Soniox API key or an async function that returns the API key (see [Buffering and temporary API keys](#buffering-and-temporary-api-keys)).

##### `bufferQueueSize`

Maximum number of audio chunks to buffer in memory before the WebSocket connection is established. If this limit is exceeded, an error will be thrown.

##### `keepAlive`

When set to `true`, automatically sends a keepalive message (`{"type": "keepalive"}`) at regular intervals during active sessions.
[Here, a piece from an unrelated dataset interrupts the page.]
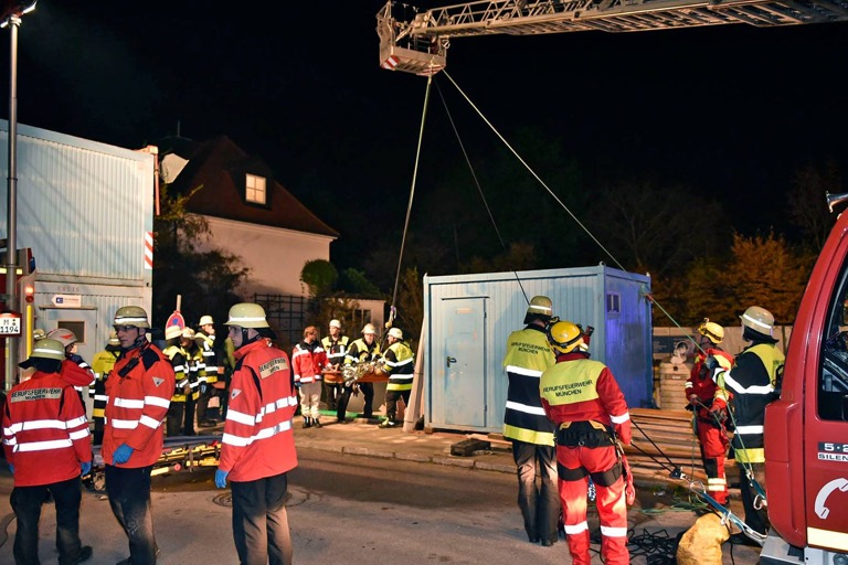 Erst nach längerer Zeit, so heißt es weiter, wurde der Verunglückte dann von einem 48-jährigen Münchner entdeckt, der offenbar als Spaziergänger unterwegs war und zufällig vorbeikam. Der setzte nun sofort einen Notruf ab. Die daraufhin alarmierten Kräfte von Feuerwehr und Rettungsdienst rückten an, stiegen zu dem Verletzten in die Baugrube und versorgten ihn erst einmal vor Ort.

This prevents the WebSocket connection from timing out during periods of silence (e.g., when using client-side voice activity detection, during pauses in speech, or when temporarily pausing audio streaming).

**Default:** `false`

**When to use:** Enable this option if:
- You're using client-side VAD and only stream audio during speech
- You have periods where no audio is sent but want to preserve the session context (speaker labels, language tracking, prompt)
- You want to prevent connection timeouts during extended silences

**Note**: You are charged for the full stream duration, not just the audio processed.

##### `keepAliveInterval`

Interval in milliseconds for sending keepalive messages when `keepAlive` is enabled. We recommend sending keepalive messages every 5-10 seconds.

**Default:** `5000` (5 seconds)

##### `onStarted()`

Called when the transcription starts. This happens after the API key is fetched and WebSocket connection is established.

##### `onFinished()`

Called when the transcription finishes successfully. After calling `stop()`, you should wait for this callback to ensure all final results have been received.

##### `onPartialResult(result: SpeechToTextAPIResponse)`

Called when the transcription returns partial results. The result contains a list recognized `tokens`. To learn more about the `tokens` structure, see [Speech-to-Text Websocket API reference](https://soniox.com/docs/stt/api-reference/websocket-api#response).

##### `onStateChange(state: RecorderState)`

Called when the state of the transcription changes. Useful for rerendering the UI based on the state.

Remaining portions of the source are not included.